*** DATA FOR THE TASK ***

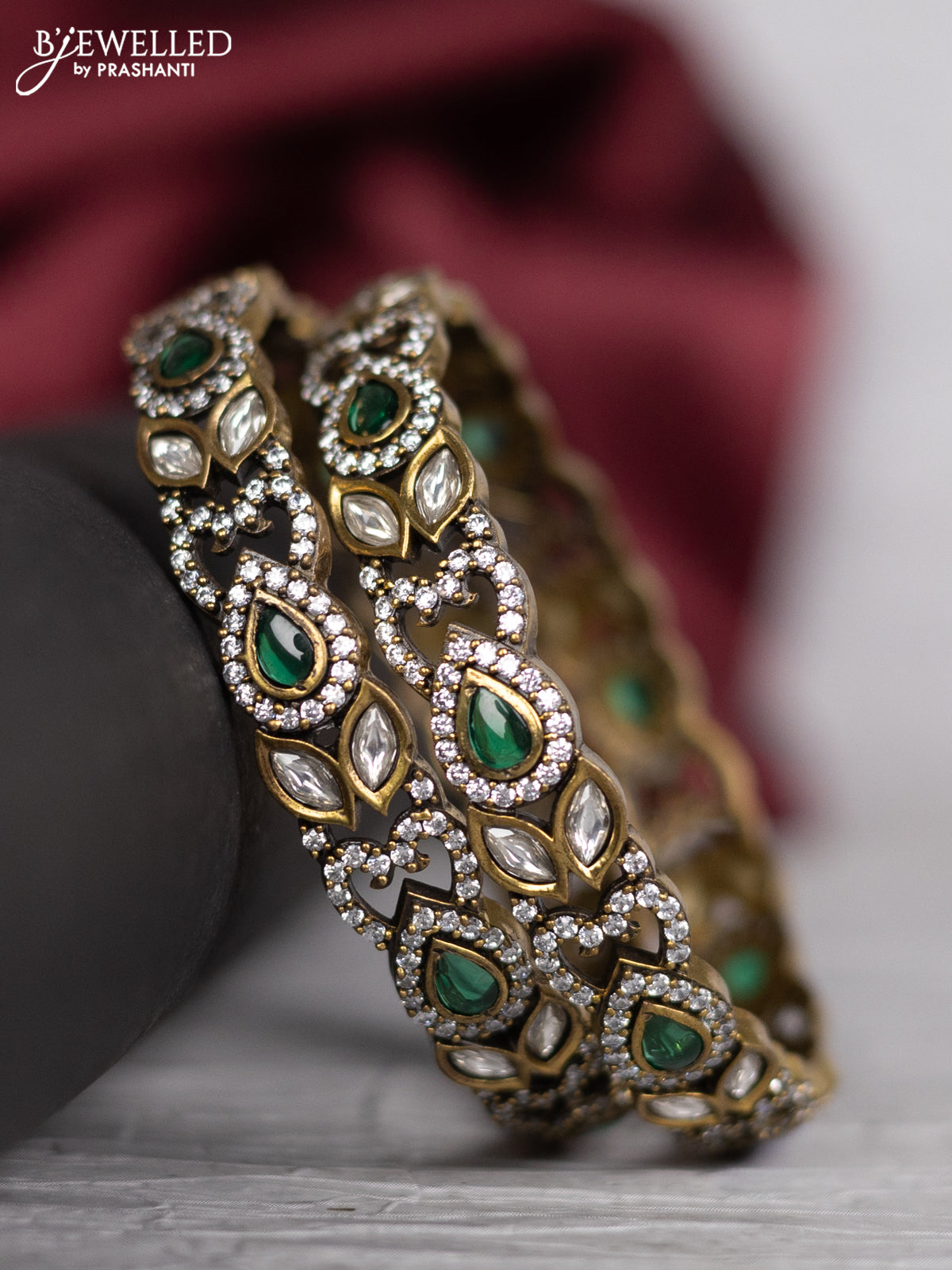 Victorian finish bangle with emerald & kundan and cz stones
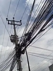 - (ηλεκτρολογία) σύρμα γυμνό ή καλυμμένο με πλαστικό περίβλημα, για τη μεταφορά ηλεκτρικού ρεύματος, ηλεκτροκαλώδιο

*** End of DATA FOR THE TASK ***
*** DATA FOR THE TASK ***

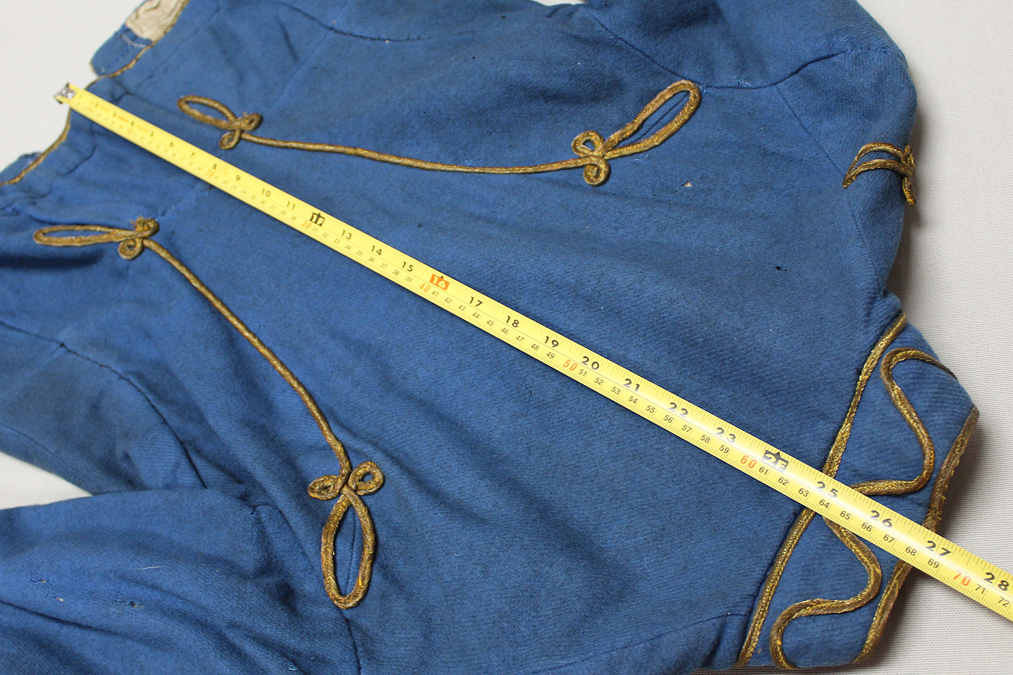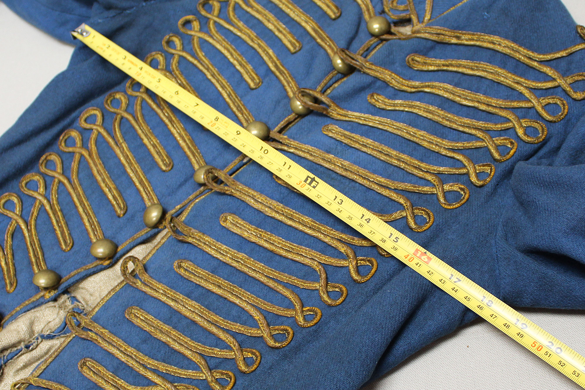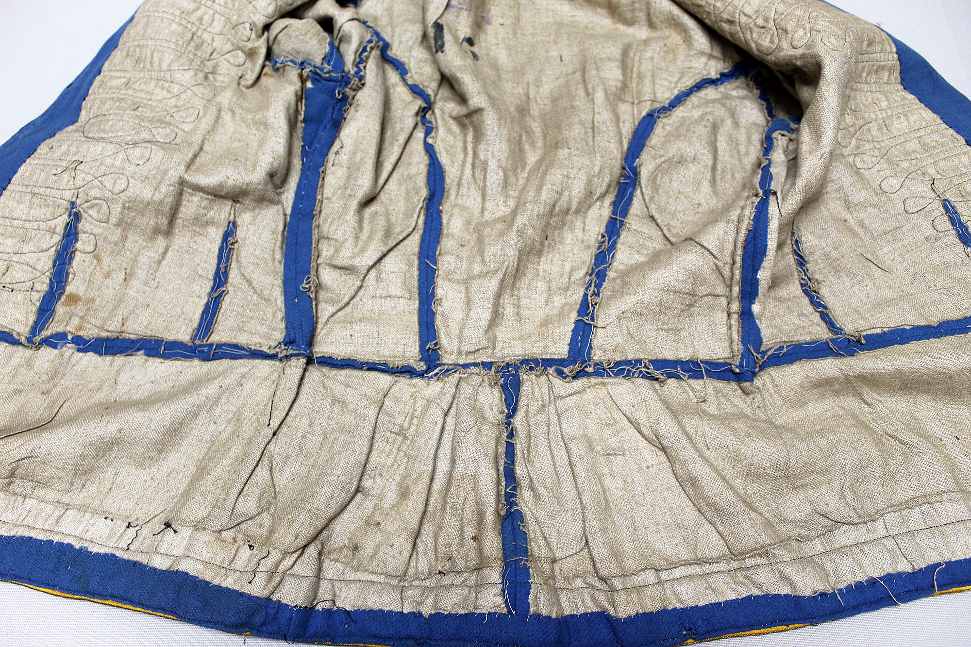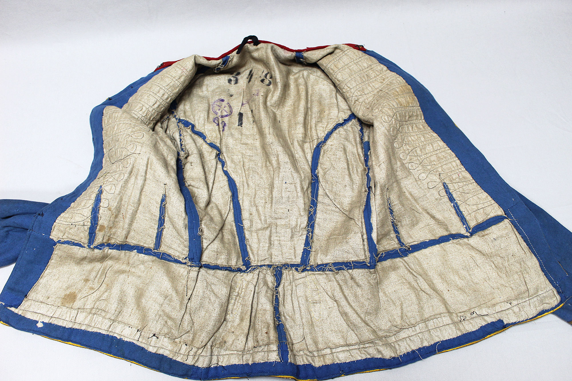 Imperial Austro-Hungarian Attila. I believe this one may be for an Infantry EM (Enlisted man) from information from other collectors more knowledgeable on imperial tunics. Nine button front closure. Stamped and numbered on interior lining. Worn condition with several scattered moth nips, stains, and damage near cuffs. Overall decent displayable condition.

*** End of DATA FOR THE TASK ***

◆ **TASK DIRECTIONS**
Could you write out exactly the lines of the data above that run from the one holding "Victorian finish bangle" to the one holding "- (ηλεκτρολογία) σύρμα", with both ends in and all pictures out?

◆ **ANSWER TO THIS PROBLEM**
 Victorian finish bangle with emerald & kundan and cz stones
 - (ηλεκτρολογία) σύρμα γυμνό ή καλυμμένο με πλαστικό περίβλημα, για τη μεταφορά ηλεκτρικού ρεύματος, ηλεκτροκαλώδιο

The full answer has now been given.